---- LISTED ENTRIES
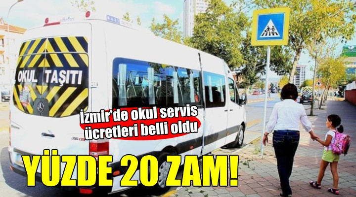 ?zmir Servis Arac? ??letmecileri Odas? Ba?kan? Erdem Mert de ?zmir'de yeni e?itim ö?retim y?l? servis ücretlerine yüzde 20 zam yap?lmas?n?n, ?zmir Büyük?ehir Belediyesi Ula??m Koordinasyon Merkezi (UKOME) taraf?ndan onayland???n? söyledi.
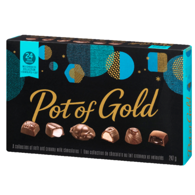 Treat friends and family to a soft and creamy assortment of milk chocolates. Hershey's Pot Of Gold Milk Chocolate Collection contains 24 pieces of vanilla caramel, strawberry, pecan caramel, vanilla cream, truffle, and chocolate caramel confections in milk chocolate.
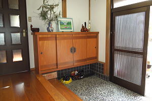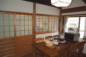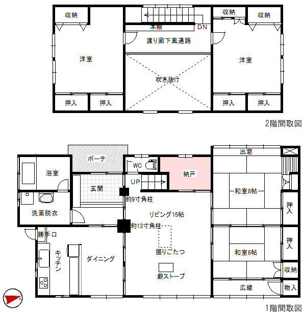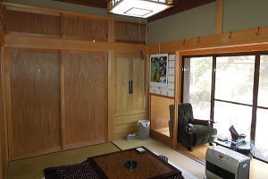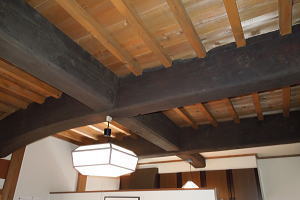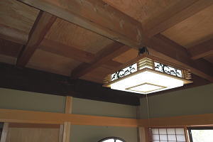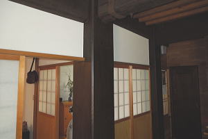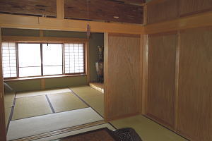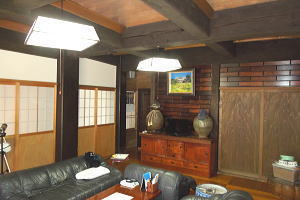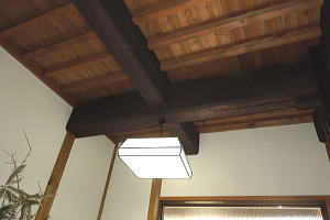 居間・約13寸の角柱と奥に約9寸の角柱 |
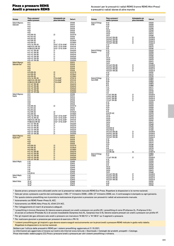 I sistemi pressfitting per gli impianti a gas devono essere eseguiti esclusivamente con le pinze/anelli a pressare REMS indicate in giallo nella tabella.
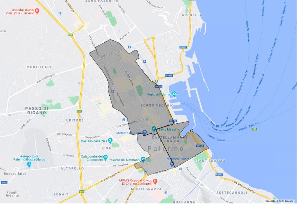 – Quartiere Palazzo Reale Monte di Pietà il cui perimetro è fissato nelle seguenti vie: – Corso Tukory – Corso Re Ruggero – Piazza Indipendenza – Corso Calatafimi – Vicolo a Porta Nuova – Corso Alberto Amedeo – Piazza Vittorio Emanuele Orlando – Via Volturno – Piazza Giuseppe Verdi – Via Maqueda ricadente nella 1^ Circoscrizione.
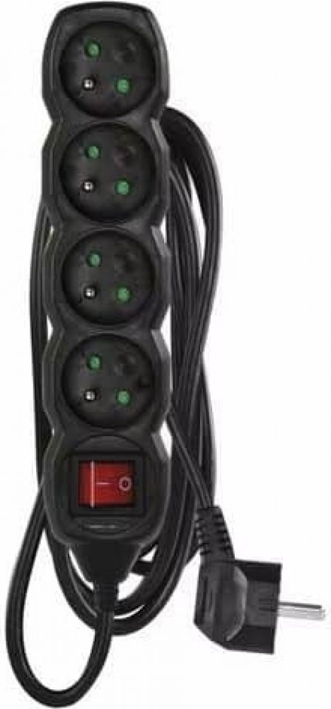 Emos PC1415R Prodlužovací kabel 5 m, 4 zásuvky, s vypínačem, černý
--------
* **PROBLEM TO WORK ON**:
Since the copy must hold no pictures, repeat everything else in the records exactly as written.

* **WRITTEN ANSWER**:
 ?zmir Servis Arac? ??letmecileri Odas? Ba?kan? Erdem Mert de ?zmir'de yeni e?itim ö?retim y?l? servis ücretlerine yüzde 20 zam yap?lmas?n?n, ?zmir Büyük?ehir Belediyesi Ula??m Koordinasyon Merkezi (UKOME) taraf?ndan onayland???n? söyledi.
 Treat friends and family to a soft and creamy assortment of milk chocolates. Hershey's Pot Of Gold Milk Chocolate Collection contains 24 pieces of vanilla caramel, strawberry, pecan caramel, vanilla cream, truffle, and chocolate caramel confections in milk chocolate.
 居間・約13寸の角柱と奥に約9寸の角柱 |
 I sistemi pressfitting per gli impianti a gas devono essere eseguiti esclusivamente con le pinze/anelli a pressare REMS indicate in giallo nella tabella.
 – Quartiere Palazzo Reale Monte di Pietà il cui perimetro è fissato nelle seguenti vie: – Corso Tukory – Corso Re Ruggero – Piazza Indipendenza – Corso Calatafimi – Vicolo a Porta Nuova – Corso Alberto Amedeo – Piazza Vittorio Emanuele Orlando – Via Volturno – Piazza Giuseppe Verdi – Via Maqueda ricadente nella 1^ Circoscrizione.
 Emos PC1415R Prodlužovací kabel 5 m, 4 zásuvky, s vypínačem, černý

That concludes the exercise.